- John Collier, c. 1970s
- Born: John Henry Noyes Collier 3 May 1901 London, England
- Died: 6 April 1980 (aged 78) Los Angeles, California, U.S.
- Occupations: Author; screenwriter;

= John Collier (fiction writer) =

British writer (1901–1980)

John Henry Noyes Collier (3 May 1901 – 6 April 1980) was a British-American author and screenwriter. He was best known for his short stories, many of which appeared in The New Yorker from the 1930s to the 1950s, often featuring macabre, fantastic or sardonic themes and twist endings. Many were collected in The John Collier Reader (Knopf, 1972); earlier collections include a 1951 volume, Fancies and Goodnights, which won the International Fantasy Award and remains in print. Individual stories are frequently anthologized in fantasy collections. He became an American citizen in December 1941.

John Collier's writing has been praised by authors such as Anthony Burgess, Ray Bradbury, Roald Dahl, Neil Gaiman, Michael Chabon, Harlan Ellison, Wyndham Lewis, and Paul Theroux. He appears to have given few interviews in his life; those include conversations with biographer Betty Richardson, Tom Milne, and Max Wilk.

==Life==
Born in London in 1901, John Collier was the son of John George and Emily Mary Noyes Collier. He had one sister, Kathleen Mars Collier. His father, John George Collier, was one of seventeen children, and could not afford formal education; he worked as a clerk. Nor could John George afford schooling for his son beyond prep school; John Collier and Kathleen were educated at home. He was privately educated by his uncle Vincent Collier, a novelist. Biographer Betty Richardson wrote:

He began reading Hans Christian Andersen fairy tales at three; these began a lifelong interest in myth and legend that was further stimulated when, in his teens, he discovered James Frazer's The Golden Bough (1890–1915). An uncle, Vincent Collier, himself a minor novelist, introduced the boy to 17th and 18th century literature. Collier particularly admired Jonathan Swift, and an 18th-century satirist's view of life became his own. From his first work to his version of Paradise Lost, Collier saw humans, flawed but with potential, everywhere contaminated by narrow creeds, institutions, coteries, vanities, and careers.
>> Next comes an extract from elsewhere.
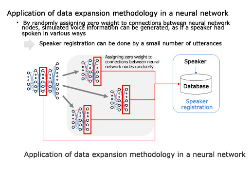 The second feature is the use of data expansion methodology in the neural network. Data expansion is a method for learning from small amounts of data, in this case spoken utterances. By randomly assigning zero weight to connections between neural network nodes, simulated voice information can be generated, as if a speaker had spoken in various ways. Successful identification of individuals is based on the AI learning from their speech samples, and this method recognizes particular speakers even when only a small number of utterances are available. Toshiba has reduced the number of required speech samples to a point where the new AI technology can complete user registration with only three utterances.

When, at the age of 18 or 19, Collier was asked by his father what he had chosen as a vocation, his reply was, "I want to be a poet." His father indulged him; over the course of the next ten years Collier lived on an allowance of two pounds a week plus whatever he could pick up by writing book reviews and acting as a cultural correspondent for a Japanese newspaper. During this time, being not overly burdened by any financial responsibilities, he developed a penchant for games of chance, conversation in cafes and visits to picture galleries. He never attended university.

He was married to silent film actress Shirley Palmer in 1936; they were divorced. His second marriage in 1945 was to New York actress Beth Kay (Margaret Elizabeth Eke). They divorced a decade later. His third wife was Harriet Hess Collier, who survived him; they had one son, John G. S. Collier, born in Nice, France, on 18 May 1958.

==Career==

===Poetry===
He began writing poetry at the age of nineteen, and was first published in 1920.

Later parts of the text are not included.